Here is a link http://talkcockatiels.com/showthread.php?t=448 If you have never trimmed nails before I would take them to some place that has


----------



## Nimfa (Jul 26, 2009)

xxxSpikexxx said:


> Here is a link http://talkcockatiels.com/showthread.php?t=448 If you have never trimmed nails before I would take them to some place that has


I'm so scared to hurt him and very angry of people who owned him before because his nails are much longer then mine :wacko: He is beautiful normal grey male who sings and whistes all day since he get here. I adore him. 

I promise, I'll try to clip it but I don't know who'll be courageous, me or him.


----------



## xxxSpikexxx (Jul 30, 2007)

If you are going to try make sure you have some blood stop powder on hand. Also don't put pressure on his chest as birds can not breath if you hold them around their chest. I have watched a groomer do Spikes nails and i have done them myself aswell but I still like to have someone else do it


----------



## Nimfa (Jul 26, 2009)

xxxSpikexxx said:


> If you are going to try make sure you have some blood stop powder on hand. Also don't put pressure on his chest as birds can not breath if you hold them around their chest. I have watched a groomer do Spikes nails and i have done them myself aswell but I still like to have someone else do it


Blood stop powder which people use to stop bleeding for themselves can help?


----------



## xxxSpikexxx (Jul 30, 2007)

Yes I think it would be fine. Here is a link for some pet stuff http://www.petsmart.com/product/index.jsp?productId=2750694&lmdn=Bird


----------



## Peanutbutter (Jun 29, 2009)

cornstarch, flour, and cayenne pepper can also stop bleeding. I believe the peppers will actually help stop pain too... I know it sounds odd.

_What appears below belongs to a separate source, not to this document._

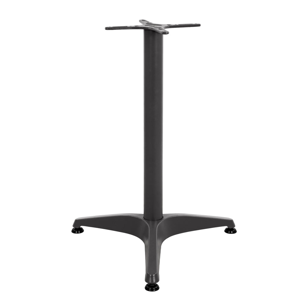База за маса от алуминий в сив нюанс с регулатори. Тази основа има компактна кръстачка 29x29 см и е подходяща за по-малки маси.

I just keep cornstarch around 'just in case' the birds need it.


The first time we did Holly's nails my hubby did one just a hair too short. Flour worked great.


----------



## Renae (Feb 9, 2008)

I wouldn't recommend doing it yourself. Have someone do it for you to be on the safe side.


----------



## Nimfa (Jul 26, 2009)

I'll try to find somebody to do that for me but if I couldn't I have to do it by my own


----------



## clawnz (May 28, 2009)

Nimfa said:


> Hello,
> here I go again with some question without idea of answer :blush:
> Today I get two new tiels and I noticed one of them has a too large nails on legs. What should I do? Take that bird to vet or cut it by myself? If second, how to do that?
> 
> ...


----------



## Nimfa (Jul 26, 2009)

clawnz said:


> If you have never done this before take her/him in, but get the vet to show you how to do them.
> The vet will also show you how to hold your bird.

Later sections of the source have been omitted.